→ Data provided
+++++

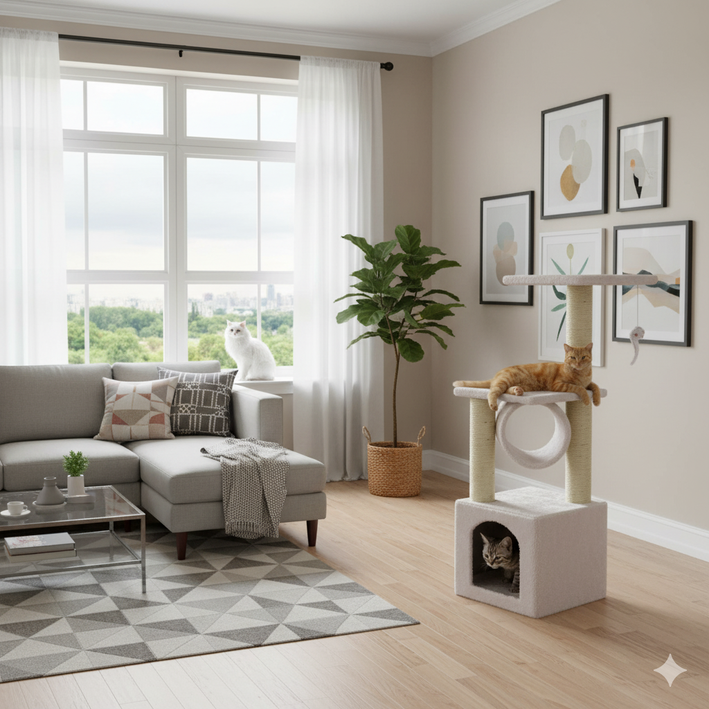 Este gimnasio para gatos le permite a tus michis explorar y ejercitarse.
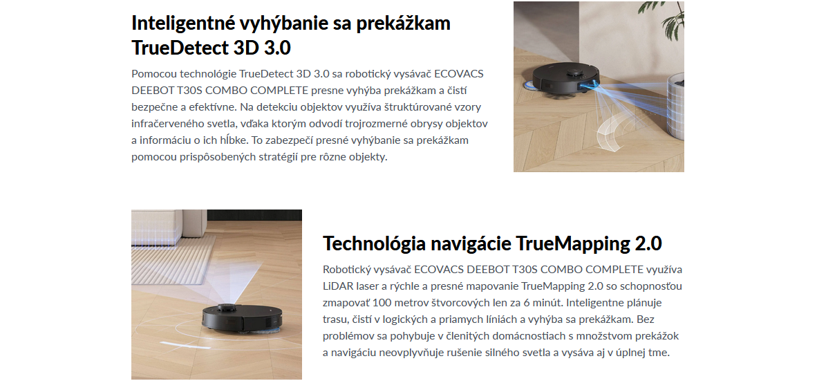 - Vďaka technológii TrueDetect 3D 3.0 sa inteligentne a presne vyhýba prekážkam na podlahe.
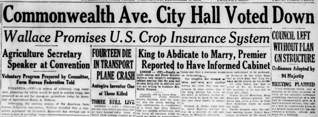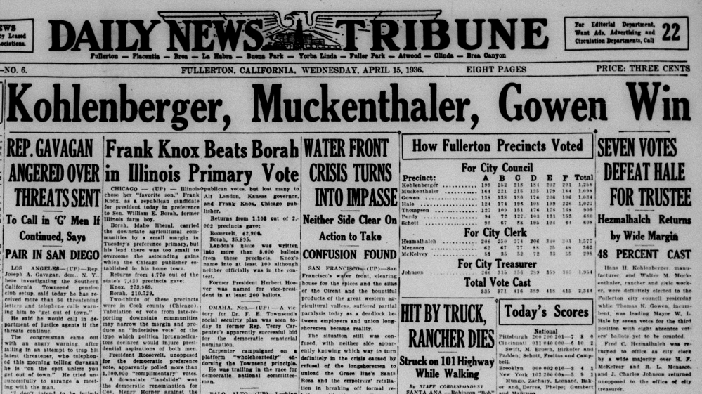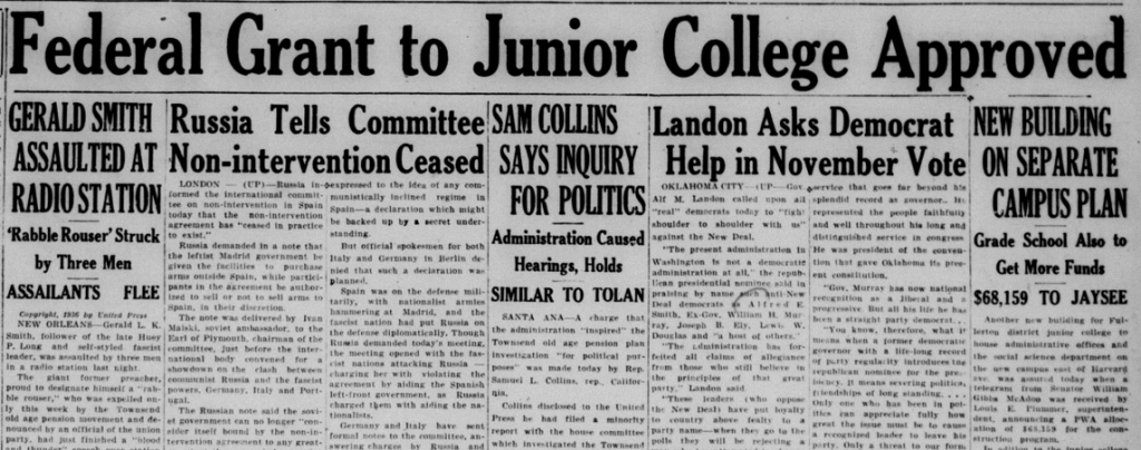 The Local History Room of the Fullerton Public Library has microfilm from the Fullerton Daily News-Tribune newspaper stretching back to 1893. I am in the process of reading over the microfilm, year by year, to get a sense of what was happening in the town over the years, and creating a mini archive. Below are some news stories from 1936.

+++++

→ Assignment
Return a verbatim transcription of the data, omitting all images.

→ Task answer
 Este gimnasio para gatos le permite a tus michis explorar y ejercitarse.
 - Vďaka technológii TrueDetect 3D 3.0 sa inteligentne a presne vyhýba prekážkam na podlahe.
 The Local History Room of the Fullerton Public Library has microfilm from the Fullerton Daily News-Tribune newspaper stretching back to 1893. I am in the process of reading over the microfilm, year by year, to get a sense of what was happening in the town over the years, and creating a mini archive. Below are some news stories from 1936.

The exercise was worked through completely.